3) Configurazioni di training necessarie

Tutti gli argomenti e le informazioni necessari per questo esempio di training vengono consolidati nella cella seguente. Tutti questi elementi possono essere modificati in base al caso d'uso.

@dataclass
class Args:
    epochs: int = 3
    embedding_dim: int = 128
    layer_sizes: List[int] = field(default_factory=lambda: [128, 64])
    learning_rate: float = 0.01
    batch_size: int = 1024

cat_cols = ["userId", "movieId"]
emb_counts = [num_users, num_movies]  # computed from data in section 2

4) Definizione del modello di raccomandazione a due torre

Questa sezione definisce il modello usando PyTorch Lightning. Per altre informazioni, vedere la documentazione:

class TwoTowerModel(nn.Module):
    def __init__(
        self,
        embedding_bag_collection: EmbeddingBagCollection,
        layer_sizes: List[int],
        device: Optional[torch.device] = None
    ) -> None:
        super().__init__()
        assert len(embedding_bag_collection.embedding_bag_configs()) == 2, "Expected two EmbeddingBags in the two tower model"
        assert embedding_bag_collection.embedding_bag_configs()[0].embedding_dim == embedding_bag_collection.embedding_bag_configs()[1].embedding_dim, "Both EmbeddingBagConfigs must have the same dimension"
        embedding_dim = embedding_bag_collection.embedding_bag_configs()[0].embedding_dim
        self._feature_names_query: List[str] = embedding_bag_collection.embedding_bag_configs()[0].feature_names
        self._candidate_feature_names: List[str] = embedding_bag_collection.embedding_bag_configs()[1].feature_names
        self.ebc = embedding_bag_collection
        self.query_proj = MLP(in_size=embedding_dim, layer_sizes=layer_sizes, device=device)
        self.candidate_proj = MLP(in_size=embedding_dim, layer_sizes=layer_sizes, device=device)

    def forward(self, kjt: KeyedJaggedTensor) -> Tuple[torch.Tensor, torch.Tensor]:
        pooled_embeddings = self.ebc(kjt)
        query_embedding: torch.Tensor = self.query_proj(
            torch.cat(
                [pooled_embeddings[feature] for feature in self._feature_names_query],
                dim=1,
            )
        )
        candidate_embedding: torch.Tensor = self.candidate_proj(
            torch.cat(
                [pooled_embeddings[feature] for feature in self._candidate_feature_names],
                dim=1,
            )
        )
        return query_embedding, candidate_embedding

class LitTwoTower(pl.LightningModule):
    """
    PyTorch Lightning module wrapping a TwoTowerModel.
    Uses torchmetrics AUROC for train/val metrics.
    """
    def __init__(
        self,
        two_tower: nn.Module,
        device: torch.device,
        emb_counts: Optional[List[int]],
        cat_cols: List[str],
        lr: float = 1e-3,
    ) -> None:
        super().__init__()
        self.two_tower = two_tower
        self.loss_fn = nn.BCEWithLogitsLoss()
        self.train_auroc = AUROC(task="binary")
        self.val_auroc = AUROC(task="binary")
        self.lr = lr

        # Store metadata used in batch transform
        self.emb_counts = emb_counts
        self.cat_cols = cat_cols

        self.save_hyperparameters(ignore=["two_tower", "device"])

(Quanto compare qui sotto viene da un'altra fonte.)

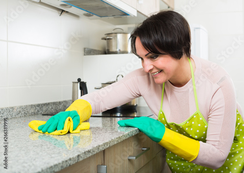 Middle aged female dusting kitchen top
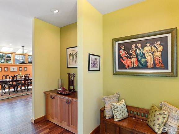 Looking for view & location? This Custom Home built in 2008 located on Morgan Hill has it all, with protected views of Port Townsend Bay & Cascade Mountains, easy jaunt to Uptown, Downtown, Fort Worden & Beaches. Cherry wood cabinets in kitchen, large walk-in pantry, second pull-out pantry, paper stone counters, & six burner propane stove open to the dining & living room for great entertaining. Tiger wood floors throughout 2nd & 3rd floors, prepared elevator shaft, central vacuum, radiant heat, propane fireplace in living room. Primary bedroom has two closets (one walk-in), balcony & propane stove for cozy nights. Private deck between second floor & garage attic, keyless locks on back door & garage, mature landscaping with irrigation system
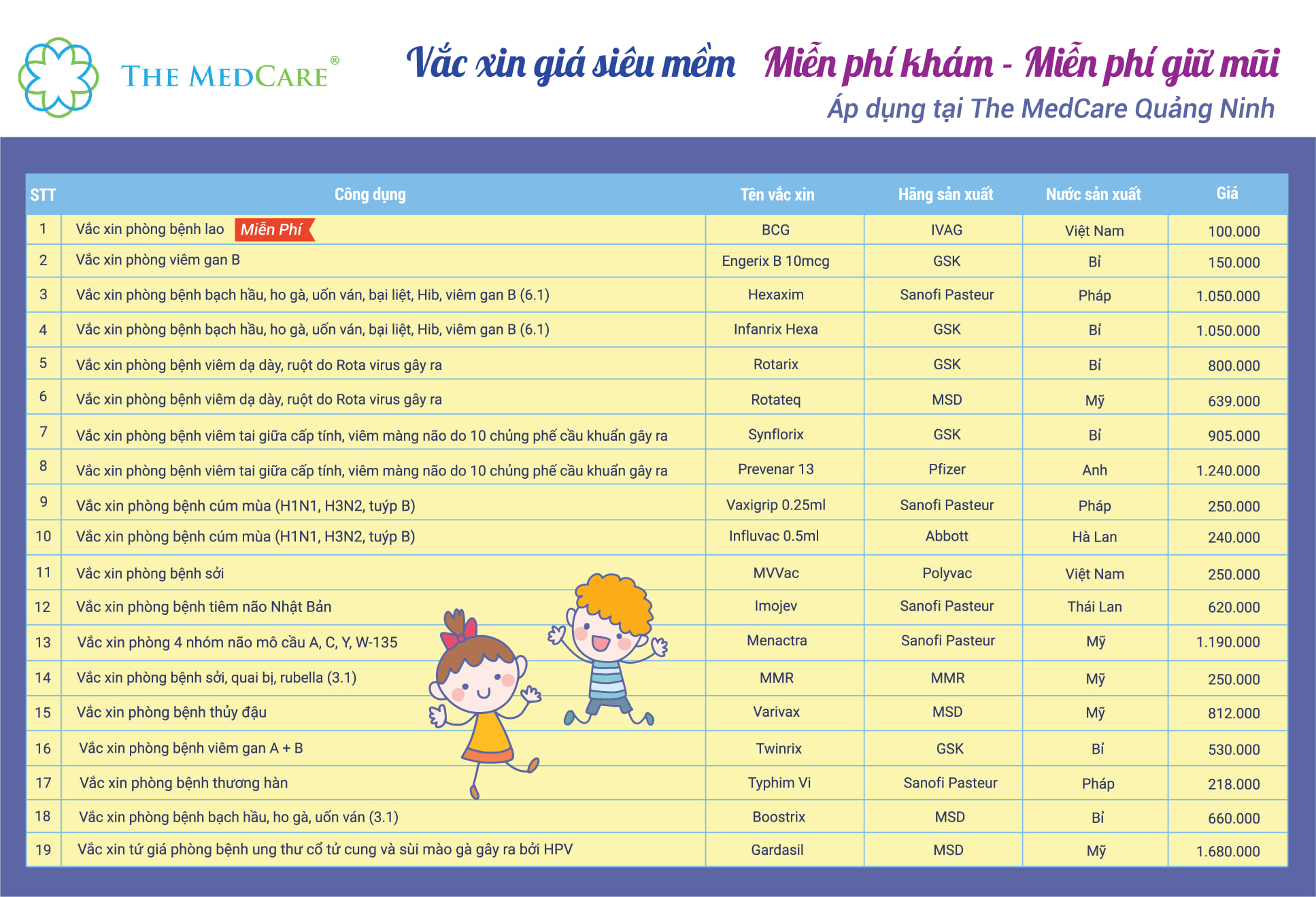 VẮC XIN GIÁ SIÊU MỀM: MIỄN PHÍ KHÁM – MIỄN PHÍ GIỮ MŨI Đừng lo lắng quá nhiều về chi phí tiêm chủng đầu đời cho trẻ, bởi nếu chọn The Medcare Quảng Ninh, ba mẹ sẽ tiết kiệm được đáng kể: Miễn phí khám sàng lọc trước tiêm (trị giá 150.000đ) cho mỗi lượt
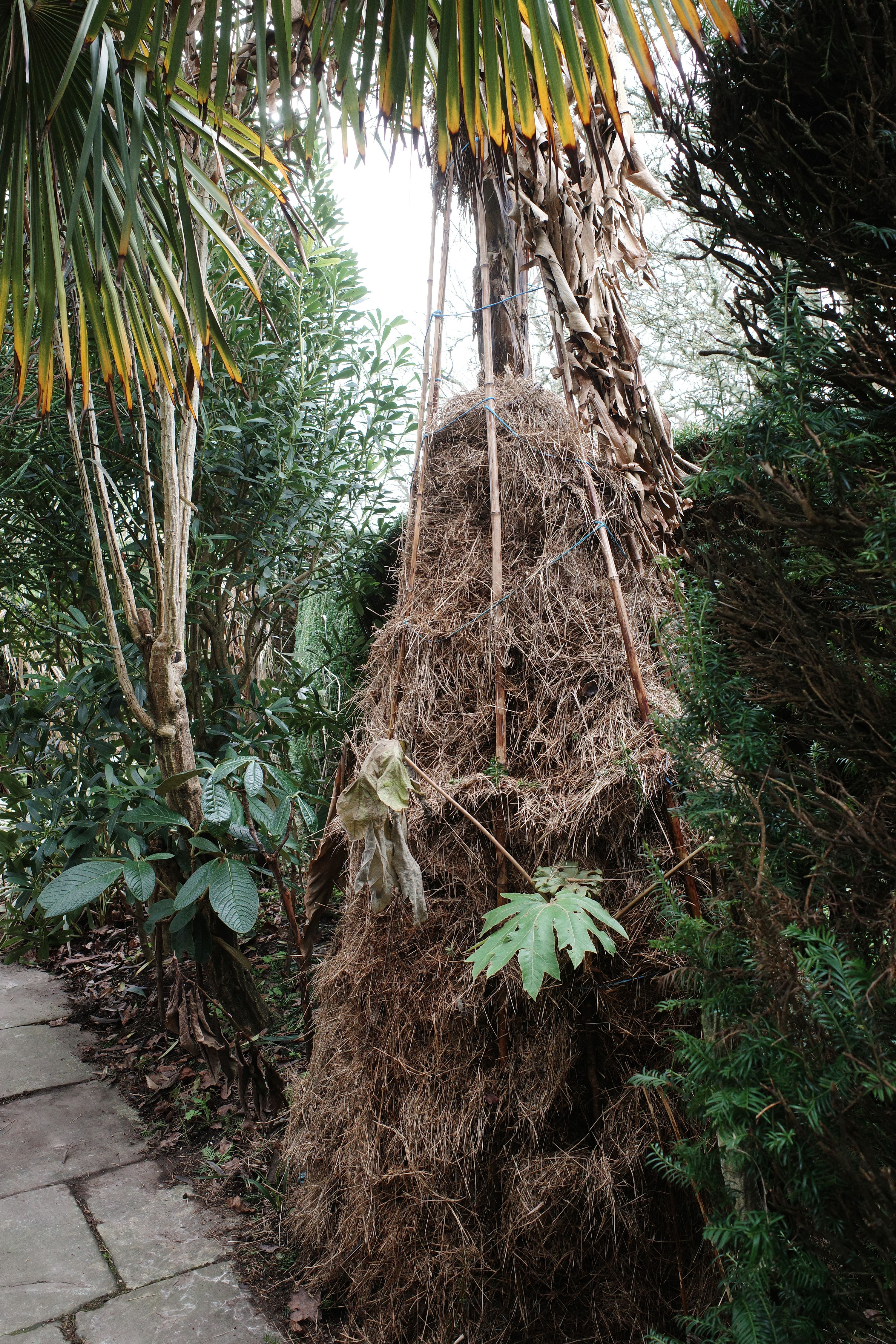 Closer to home, bamboo stakes wrapped with twine and stuffed with straw are used to protect banana plants from cold and wind in some British gardens, including Great Dixter in East Sussex. This helps to prevent rot and protect the tall, trunk-like part of the plant, which is more vulnerable to frost, and adding winter interest to boot.

    def forward(self, batch: Dict[str, Any]) -> torch.Tensor:
        kjt_batch = self._transform_to_torchrec_batch(batch, self.emb_counts)
        query_embedding, candidate_embedding = self.two_tower(kjt_batch.sparse_features)
        logits = (query_embedding * candidate_embedding).sum(dim=1).squeeze()
        return logits

    def _loss(self, outputs: torch.Tensor, batch: Dict[str, Any]) -> torch.Tensor:
        labels = self._get_batch_labels(batch)
        return self.loss_fn(outputs, labels)

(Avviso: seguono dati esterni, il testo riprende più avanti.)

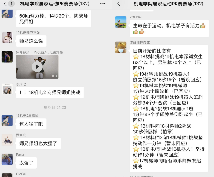 为进一步保障学子们的身心健康,球速体育还发起了“阳光健康宅,线上动起来”线上运动打卡活动和班级挑战赛,全院除毕业班外所有班级均报名参加,活动备受机电员工欢迎,取得良好活动效果。活动每一期分为主题健身打卡个人赛和PK挑战班级赛,个人和集体进行了完美融合。主题健身打卡个人赛要求参赛员工每日围绕一个既定主题,比如一分钟开合跳、八段锦指定式等,进行居家运动打卡并录制好视频上交,公司员工会体育部审核后每日在年级群公布个人赛排名情况。班级挑战赛将任意两个班级分为攻守方,攻方录制居家运动挑战视频通过PK赛微信群发布挑战,守方需要限时进行回应,根据比拼情况最终确定赛事结果。自开展线上运动打卡活动以来,同学们踊跃报名参加,在“云”端各显身手,60KG臂力棒14秒20个、1分钟84个开合跳、1分钟43个手碰膝盖仰卧起坐、1分钟20个腹轮推……各方选手表现精彩纷呈,公司领导和老师们也积极参与其中与学子们一起互动分享,畅聊居家体育运动,鼓励同学们宅家学习之余加强身体锻炼,保持身心健康。
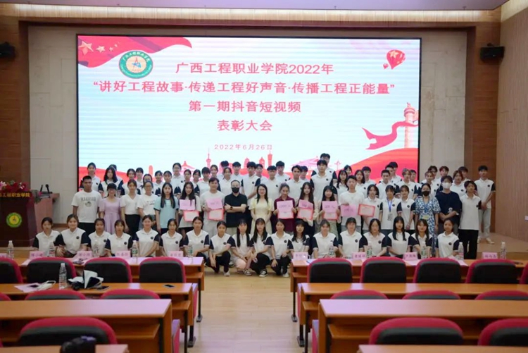 講好工程故事,傳遞工程好聲音,傳播工程正能量,2022年6月26日,廣西工程職業(yè)學(xué)院2022年第一期抖音短視頻表彰大會在圖文信息大樓一樓學(xué)術(shù)報告廳舉行。
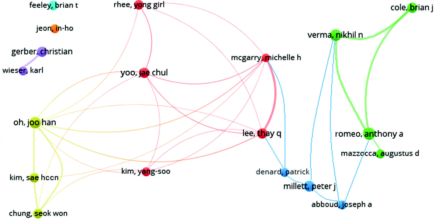 Рис. 12. Кластеры ведущих авторов статей по лечению травм манжеты плеча.
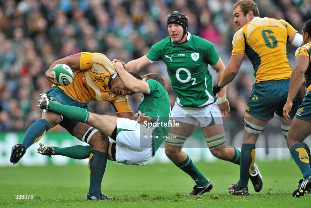 15 November 2009; Wycliff Palu, Australia, in action against Tomas O'Leary, Ireland, as Stephen Ferris and Rocky Elsom, right, look on. Autumn International Guinness Series 2009, Ireland v Australia, Croke Park, Dublin. Picture credit: Brian Lawless / SPORTSFILE
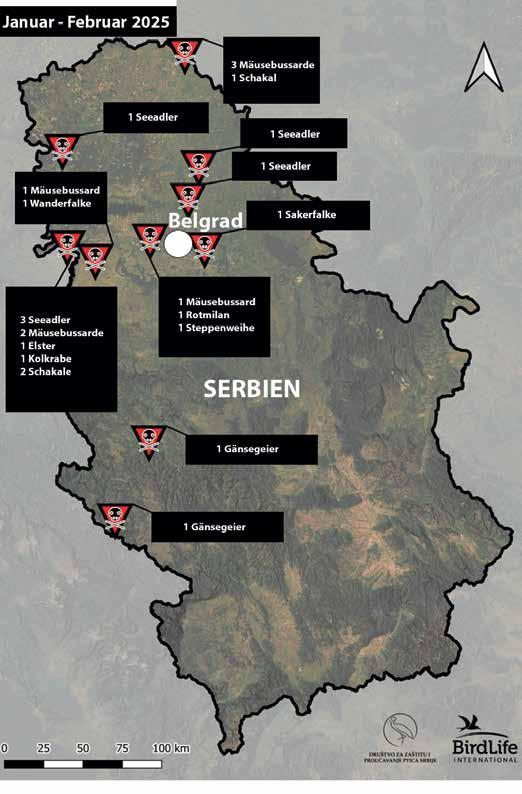 Dem großen Vogelsterben im Nordosten Serbiens fielen Anfang März 2024 rund tausend Vögel zum Opfer. Es ist einer der dramatischsten Fälle von Vogelvergiftungen in Europa – doch leider keine Ausnahme. Anfang 2025 suchte erneut eine Vergiftungswelle den Balkanstaat heim. Diesmal fielen neben Rabenvögeln auch viele Greifvögel dem Gift zum Opfer; allein im Januar und Februar 2025 sind 19 seltene und streng geschützte Greifvögel in Serbien ums Leben gekommen.
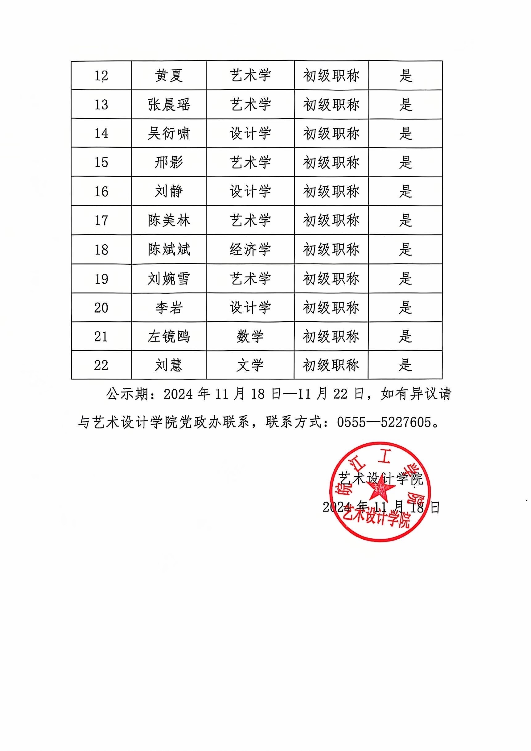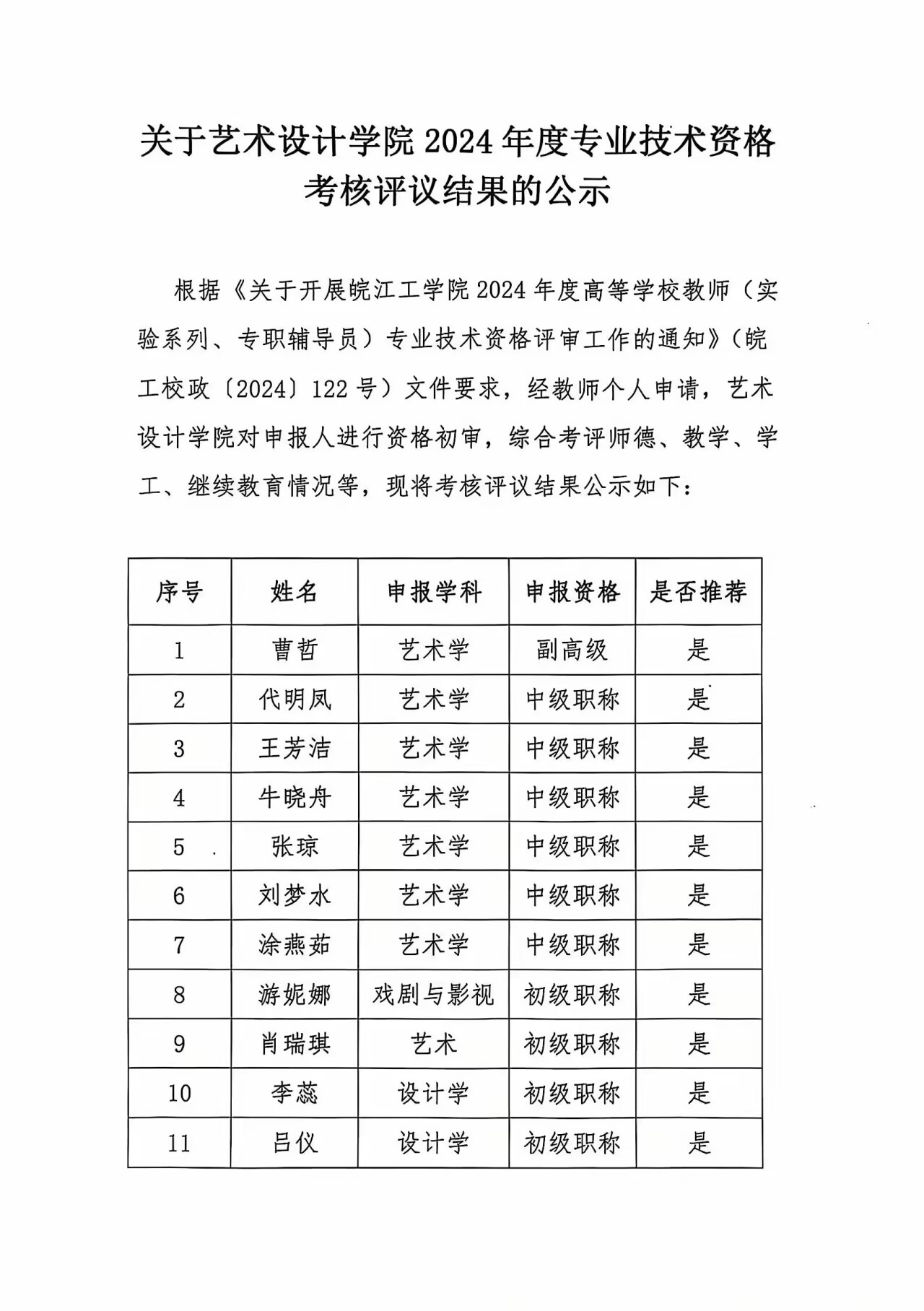 关于艺术设计学院2024年度专业技术资格考核评议结果的公示

    def _update_metric(self, batch: Dict[str, Any], outputs: Optional[torch.Tensor], metric: AUROC) -> None:
        if outputs is None:
            outputs = self.forward(batch)
        preds = torch.sigmoid(outputs)
        labels = self._get_batch_labels(batch)
        metric.update(preds, labels)

    def training_step(self, batch: Dict[str, Any], batch_idx: int):
        logits = self.forward(batch)
        loss = self._loss(logits, batch)

        # Metric update
        self._update_metric(batch, logits, self.train_auroc)

        # Log both step and epoch loss series; enable sync_dist for multi-GPU/DDP
        self.log("train_loss", loss, on_step=True, on_epoch=True, prog_bar=True, logger=True, sync_dist=True)

        self.log("train_auroc", self.train_auroc, on_step=False, on_epoch=True, prog_bar=True,
             logger=True, sync_dist=True)

        return loss

    def validation_step(self, batch: Dict[str, Any], batch_idx: int):
        logits = self.forward(batch)
        loss = self._loss(logits, batch)

        self._update_metric(batch, logits, self.val_auroc)

        # Typically only epoch-level val metrics are needed for monitoring
        self.log("val_loss", loss, on_step=False, on_epoch=True, prog_bar=True, logger=True, sync_dist=True)
        self.log("val_auroc", self.val_auroc, on_step=False, on_epoch=True, prog_bar=True,
             logger=True, sync_dist=True)

    def configure_optimizers(self):
        optimizer = KeyedOptimizerWrapper(
            dict(self.two_tower.named_parameters()),
            lambda params: torch.optim.Adam(params, lr=self.lr),
        )
        return optimizer

    def _get_batch_labels(self, batch: Dict[str, Any]) -> torch.Tensor:
        return batch["label"].to(dtype=torch.float32, device=self.device)

    def _transform_to_torchrec_batch(
        self,
        batch: Dict[str, Any],
        num_embeddings_per_feature: Optional[List[int]],
    ) -> Batch:
        kjt_values_list = []
        kjt_lengths_list = []
        for col_idx, col_name in enumerate(self.cat_cols):
            values = batch[col_name]
            num_emb = num_embeddings_per_feature[col_idx]
            kjt_values_list.append(values % num_emb)
            kjt_lengths_list.append(torch.ones(len(values), dtype=torch.int64))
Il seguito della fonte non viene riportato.